- _EXERCISE GOAL_:
With the pictures left out, transcribe exactly the lines from the one with "9 712 065 ₽2-к.квартира, 34.63 м², 10 эт." through the end of the data.

--- THE DATA ---

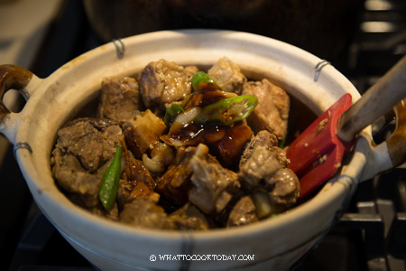 - Add the pork ribs and mushrooms to the clay pot followed by oyster sauce and kecap manis. Stir to mix. Add the broth from cooking the ribs. Let it cook for another minute. If you want it drier, just add few tablespoon. Stir to mix. Have a taste. It should be savory with hint of sweetness and umami. Proceed to serving
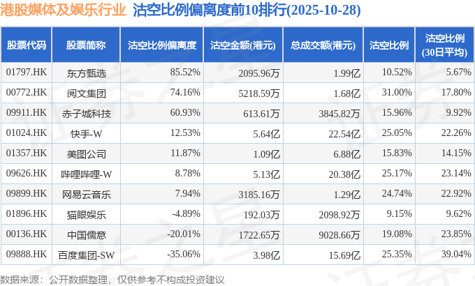 从沽空比例偏离度来看,东方甄选、阅文集团、赤子城科技沽空比例偏离度位居行业前三,分别为85.52%、74.16%、60.93%。
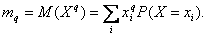 При обработке данных используют такие характеристики случайной величины Х как моменты порядка q, т.е. математические ожидания случайной величины Xq, q = 1, 2, … Так, само математическое ожидание – это момент порядка 1. Для дискретной случайной величины момент порядка q может быть рассчитан как
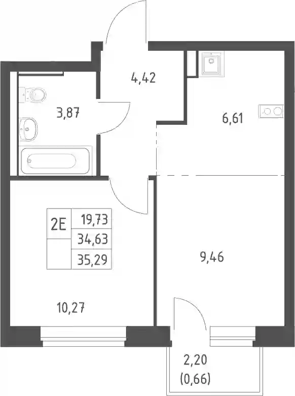 9 712 065 ₽2-к.квартира, 34.63 м², 10 эт.
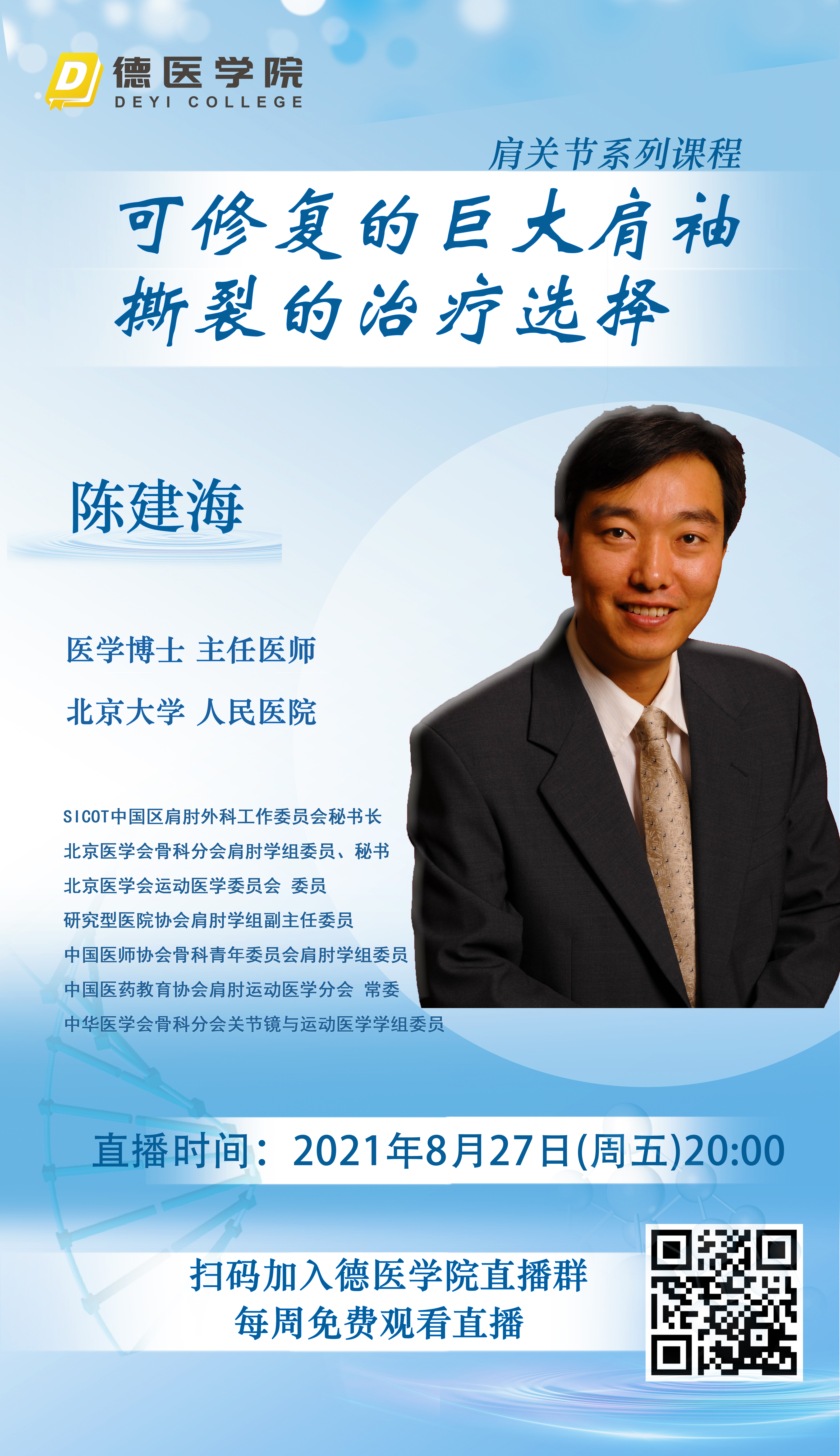 由北京大学人民医院的陈建海主任来授课:肩关节系列课程:可修复的巨大肩袖撕裂的

---

- _EXPECTED ANSWER_:
 9 712 065 ₽2-к.квартира, 34.63 м², 10 эт.
 由北京大学人民医院的陈建海主任来授课:肩关节系列课程:可修复的巨大肩袖撕裂的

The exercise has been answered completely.